Some weights of BertForSequenceClassification were not initialized from the model checkpoint at DeepPavlov/rubert-base-cased and are newly initialized: ['classifier.bias', 'classifier.weight']
You should probably TRAIN this model on a down-stream task to be able to use it for predictions and inference.


In [160]:
from sklearn.model_selection import train_test_split
import os

# 2. Функция для разбиения текста на чанки по 512 токенов
def split_to_chunks(text, tokenizer, max_length=512):
    tokens = tokenizer.tokenize(text)
    chunks = []
    for i in range(0, len(tokens), max_length):
        chunk = tokens[i:i + max_length]
        chunk_text = tokenizer.convert_tokens_to_string(chunk)
        chunks.append(chunk_text)
    return chunks

# 3. Загрузка данных и разбиение на чанки
train_path = "authors"  # Путь к файлам с авторами
texts, labels = [], []

# Чтение файлов и разделение на чанки
for filename in os.listdir(train_path):
    if filename.endswith(".txt"):
        author = filename.replace(".txt", "")
        with open(os.path.join(train_path, filename), "r", encoding="utf-8") as f:
            text = f.read().strip()
        chunks = split_to_chunks(text, tokenizer)
        for chunk in chunks:
            texts.append(chunk)
            labels.append(author)

# Преобразование данных в DataFrame
train_data = pd.DataFrame({"text": texts, "author": labels})

# 4. Преобразуем текст в формат для модели
train_data['labels'] = train_data['author'].factorize()[0]  # Преобразуем метки авторов в числа
train_data = train_data.drop('author', axis=1)



# Разбиение на train/test
train_texts, val_texts, train_labels, val_labels = train_test_split(train_data['text'], train_data['labels'], test_size=0.1)

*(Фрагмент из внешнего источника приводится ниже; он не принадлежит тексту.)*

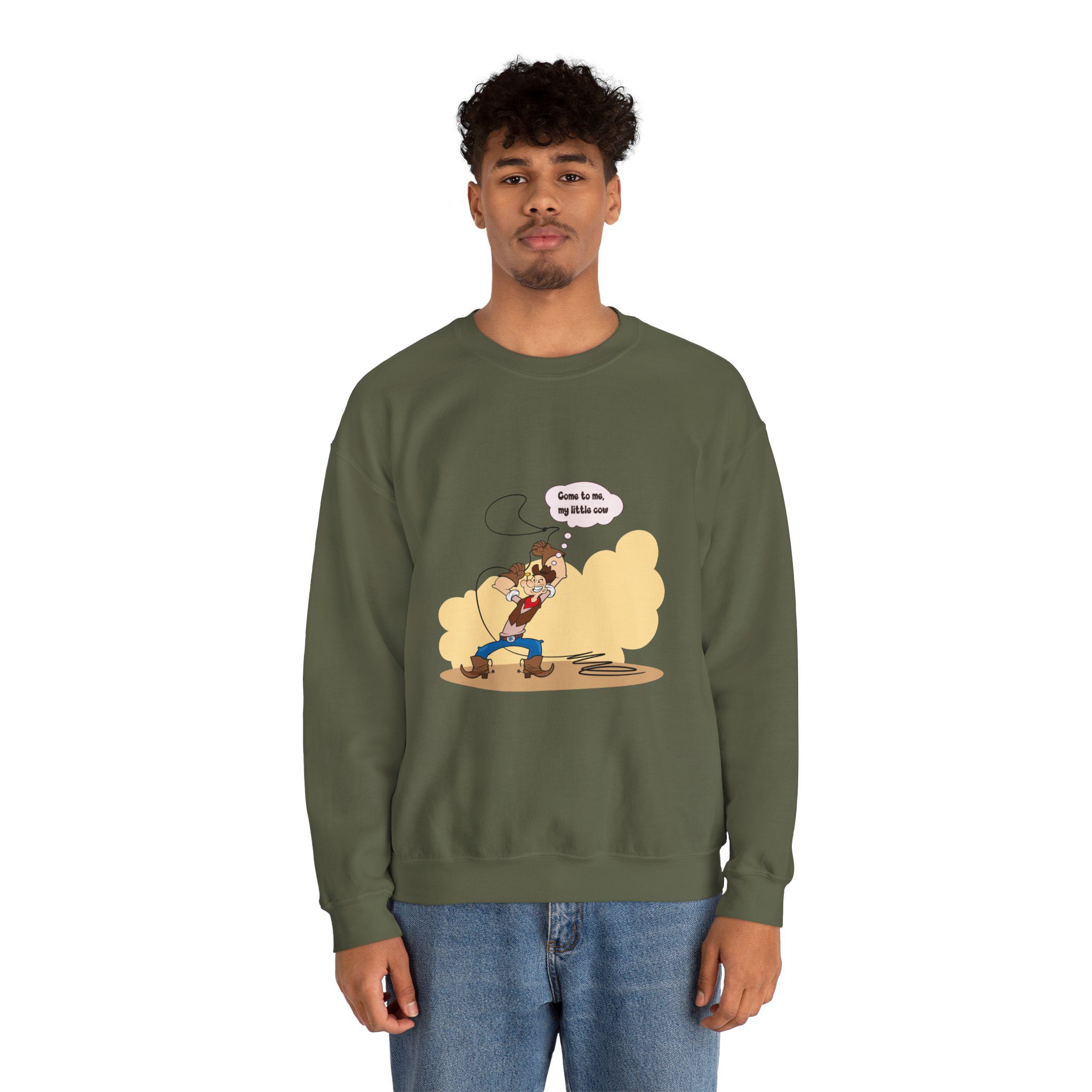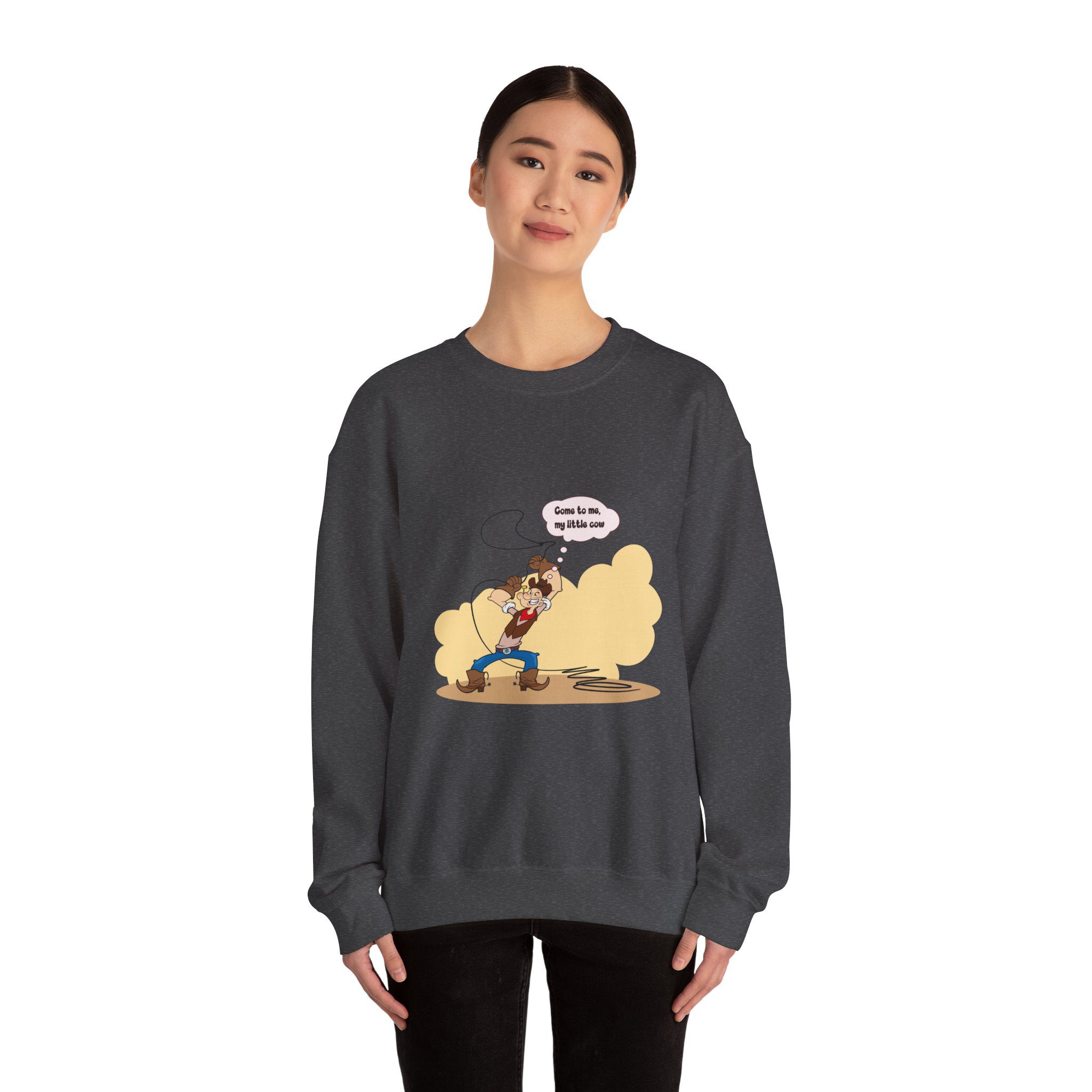 Created for fans of Western aesthetics, retro humor, and character-driven design, this sweatshirt feels relaxed and fun. The illustrated figure adds personality without overpowering the outfit, making it perfect for casual wear, gifting, or adding a playful twist to everyday looks.

# Преобразование в формат Hugging Face Datasets
train_dataset = Dataset.from_dict({"text": train_texts, "labels": train_labels})
val_dataset = Dataset.from_dict({"text": val_texts, "labels": val_labels})

# 5. Токенизация
def tokenize_function(examples):
    return tokenizer(examples['text'], padding="max_length", truncation=True, max_length=512)

train_dataset = train_dataset.map(tokenize_function, batched=True)
val_dataset = val_dataset.map(tokenize_function, batched=True)

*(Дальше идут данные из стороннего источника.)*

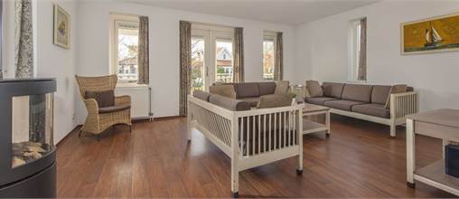 This villa sleeps nine. The ground floor features a spacious living area with a gas-powered fireplace, a smart TV and French doors leading to the porch. Kitchen equipped with a microwave oven, coffeemachine, kettle, fridge with freezing compartment and dishwasher. Two toilets and a separate store room. There are three bedrooms on the first floor, each with two single box spring beds. The villa has two bathrooms, one with a shower, whirlpool and sauna and one with a shower. There is another bedroom on the second floor with three single box spring beds. Bathroom with a shower and a washbasin.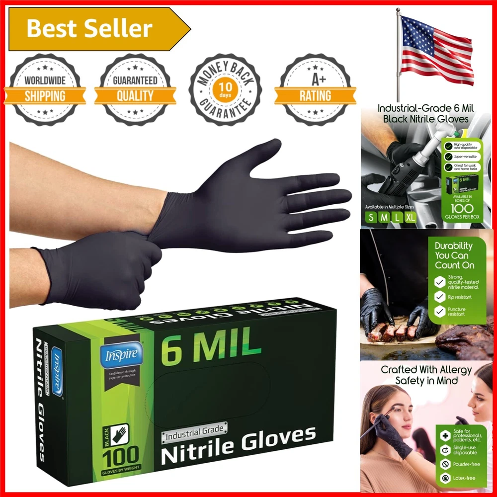 Black 6 Mil Nitrile Gloves - Multipurpose Disposable Protection for Every Task ‹ › ‹ › ‹ › ‹ › ‹ › ‹ › ‹ › ‹ › ‹ › ‹ › Black 6 Mil Nitrile Gloves - Multipurpose Disposable Protection for Every Task Features: Fabric Type: Nitrile Care Instructions: Hand Wash Imported from China Exam-grade and durable 6-mil thickness Rip and puncture resistant Textured fingertips for enhanced grip Touch screen compatible Latex free for allergy safety Benefits: Strong protection designed for both medical and industrial use Secure fit and ease of movement for superior dexterity Trusted by professionals in healthcare, emergency services, and food handling Multipurpose usage - Ideal for janitorial tasks, tattoo applications, mechanics, and medical environments Confidence in performance under pressure with pre-COVID quality standards Say NO to cheap alternatives that compromise on safety! Why choose our Black 6 Mil Nitrile Gloves? When it comes to protection, you deserve gloves that meet the highest standards of quality and durability. Our Black 6 Mil Nitrile Gloves are not just a choice; they are a necessity for those who value safety in their tasks. Whether you are a healthcare professional looking for reliable exam gloves or a mechanic needing durable protection, these gloves offer unmatched strength while ensuring your dexterity and sensitivity are never compromised. Designed for various applications—from industrial to household—our gloves provide the confidence you need to tackle any job securely. Experience the original quality that sets us apart from the rest. Choose Nitrile Gloves for a safer, more effective solution to your protective needs. Order yours today! Shipping Free & Fast Shipping - We offer free shipping to most of the USA with a normal delivery time of 3-7 days. However, due to the current situation, additional delivery time (up to 3 weeks) may be required for some items. Alternative Carriers - We may use alternative carriers (e.g. USPS, FedEx, UPS, etc.) to ensure your package arrives safely and on time. Due to the use of multiple carriers, we are unable to provide a tracking number automatically. Handling Time - Orders are processed and shipped within 1-2 business days of receiving cleared payment. Shipping Restrictions - Shipping to Alaska, Hawaii, Puerto Rico, Guam, and other US territories may incur shipping charges or delivery restrictions. Please contact us before ordering, or your order can be refunded/cancelled. State Restrictions - There may be restrictions based on your state of purchase. For example, certain items may not be shipped to California due to state regulations. Contact for Tracking Updates - If you require tracking updates or have any concerns about the delivery of your order, please feel free to contact us, and we will be happy to assist you. Return 30-Day Hassle-Free Returns - We want you to be completely satisfied with your purchase. If you are not, you can return the item within 30 days of receiving it for a full refund or exchange. Easy Return Process - To start a return, simply contact us and we will provide you with a prepaid return shipping label and detailed instructions. Restocking Fee - There are no restocking fees for returns. However, the buyer is responsible for return shipping costs if the return is not due to a seller's error. Refund Processing Time - Refunds will be processed within 5 business days of receiving the returned item in its original condition. Payment We accept all major credit cards, PayPal, and Apple Pay for your convenience. Your payment information is secure and encrypted to ensure a safe and seamless transaction. Please complete your payment within 3 days of purchase to avoid any delays in shipping. Feedback Your feedback is extremely important to us. We strive to provide the best products and customer service possible. If you are satisfied with your purchase, please take a moment to leave us a positive review. If you have any concerns or issues with your order, please contact us before leaving negative feedback. We are committed to resolving any problems and ensuring your satisfaction. Contact Us If you have any questions or concerns, please feel free to reach out to our customer support team. You can contact us through the eBay messaging system. We are available Monday to Friday, 9:00 am to 5:00 pm EST, and we will do our best to respond to your inquiry within 24 hours. Buy it now and enjoy a pleasant shopping experience! UPC: Not Set Model: Disposable Nitrile Gloves MPN: Disposable_Nitrile_Gloves Expiration Date: Disposable Nitrile Gloves Unit Quantity: 100 Intended Use/Discipline: Medical Laboratory,Industrial,Healthcare,Food Service,Tattoo,Janitorial,Mechanics,Cooking Material: Nitrile Brand: Unbranded Size: Medium Powdering: Powder-Free Country/Region of Manufacture: Not Set Unit Type: Unit

Map:   0%|          | 0/4896 [00:00<?, ? examples/s]

Map:   0%|          | 0/545 [00:00<?, ? examples/s]

In [None]:
# 6. Определение аргументов для обучения
training_args = TrainingArguments(
    output_dir='./results',
    num_train_epochs=3,
    per_device_train_batch_size=8,
    per_device_eval_batch_size=8,
    warmup_steps=500,
    weight_decay=0.01,
    logging_dir='./logs',
    logging_steps=10,
    eval_strategy="epoch",
    save_strategy="epoch",
    load_best_model_at_end=True,
    dataloader_num_workers=2,
    fp16=True
)

# 7. Создание Trainer
trainer = Trainer(
    model=model,
    args=training_args,
    train_dataset=train_dataset,
    eval_dataset=val_dataset,
)

# 8. Обучение модели
trainer.train()

Epoch,Training Loss,Validation Loss
1,0.1805,0.286812


In [None]:
def predict_author(text, tokenizer, model):
    chunks = split_to_chunks(text, tokenizer)
    predictions = []
    for chunk in chunks:
        inputs = tokenizer(chunk, return_tensors="pt", truncation=True, padding=True, max_length=512)
        inputs = inputs.to("cuda")
        with torch.no_grad():
            outputs = model(**inputs)
            pred = torch.argmax(outputs.logits, dim=1).item()
            predictions.append(pred)
    final_pred = max(set(predictions), key=predictions.count)  # голосование
    return final_pred

# Применяем модель к файлам без меток авторов
test_path = "train"  # Путь к файлам без авторов
results = []

for filename in os.listdir(test_path):
    if filename.endswith(".txt"):
        with open(os.path.join(test_path, filename), "r", encoding="utf-8") as f:
            text = f.read().strip()
        predicted_label = predict_author(text, tokenizer, model)
        results.append({"filename": filename, "predicted_author": predicted_label})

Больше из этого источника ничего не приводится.